Crime fighting knows no limits with golden volunteer

Hope Crime Prevention Society volunteer, Louise Marlatt is a force to be reckoned with at the Othello Tunnels

Louise Marlatt

Hope Crime Prevention Society volunteer, Agnes Louise Furness, who also goes by Louise Marlatt is a force to be reckoned with, and at 90 years old, she remains an unshakable presence in keeping the Othello Tunnels safe and secure from criminals.

The Dogwood Valley resident was born on November 27, 1924 in Chilliwack and was raised in Hope. The lifelong waitress and cook by profession, raised a family of nine with her husband Roy, who passed away some time ago.

The volunteer of 15 years, started with Hope Crime Prevention at 75 and never looked back.

“We’ve done a lot of good work over the years in crime prevention, while keeping people from doing things they shouldn’t be doing,” she told The Hope Standard. “We usually go out in pairs for patrol — there is night work and speed watch.”

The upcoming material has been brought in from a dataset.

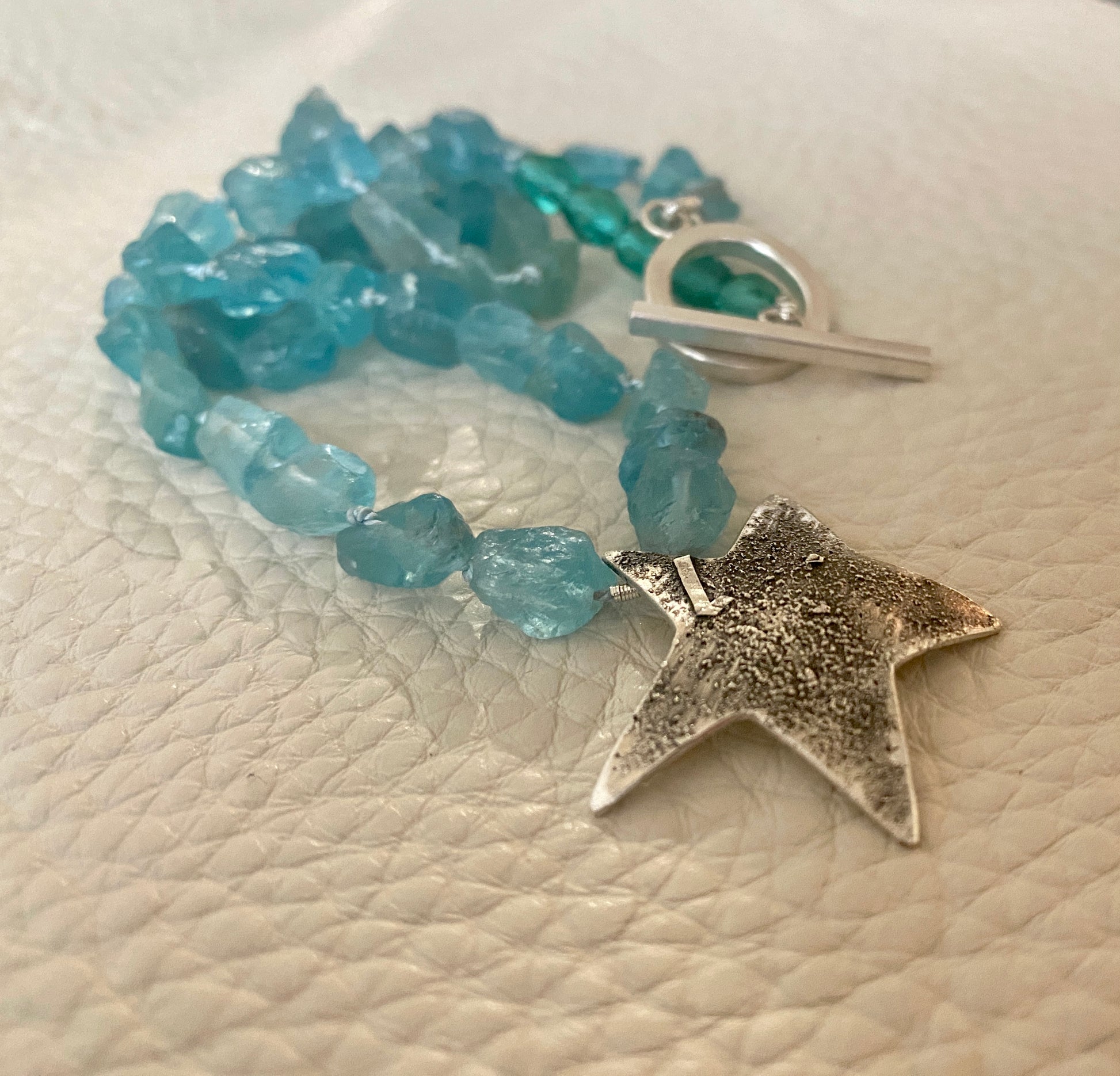 Raw apatite crystal reminding us to embrace the strength that lives within illuminates this textured/oxidized star.

Othello Tunnels remains a prized location for the District of Hope, where tourists from around the world congregate for a glimpse of the location that made Sylvester Stallone famous in his role as John Rambo in First Blood.

The location, officially known as Coquihalla Canyon Provincial Park is an exemplary accomplishment of the Kettle Valley Railway. Built somewhere in the vicinity of 1911 to 1916, the five tunnels wind through granite and treacherous canyon, providing some of the most spectacular scenery in the world.

Along with the phenomenal view, the Tunnels once provided a great crime opportunity, until volunteers like Louise, hopped on board and took a stance to prevent crime at the beautiful location.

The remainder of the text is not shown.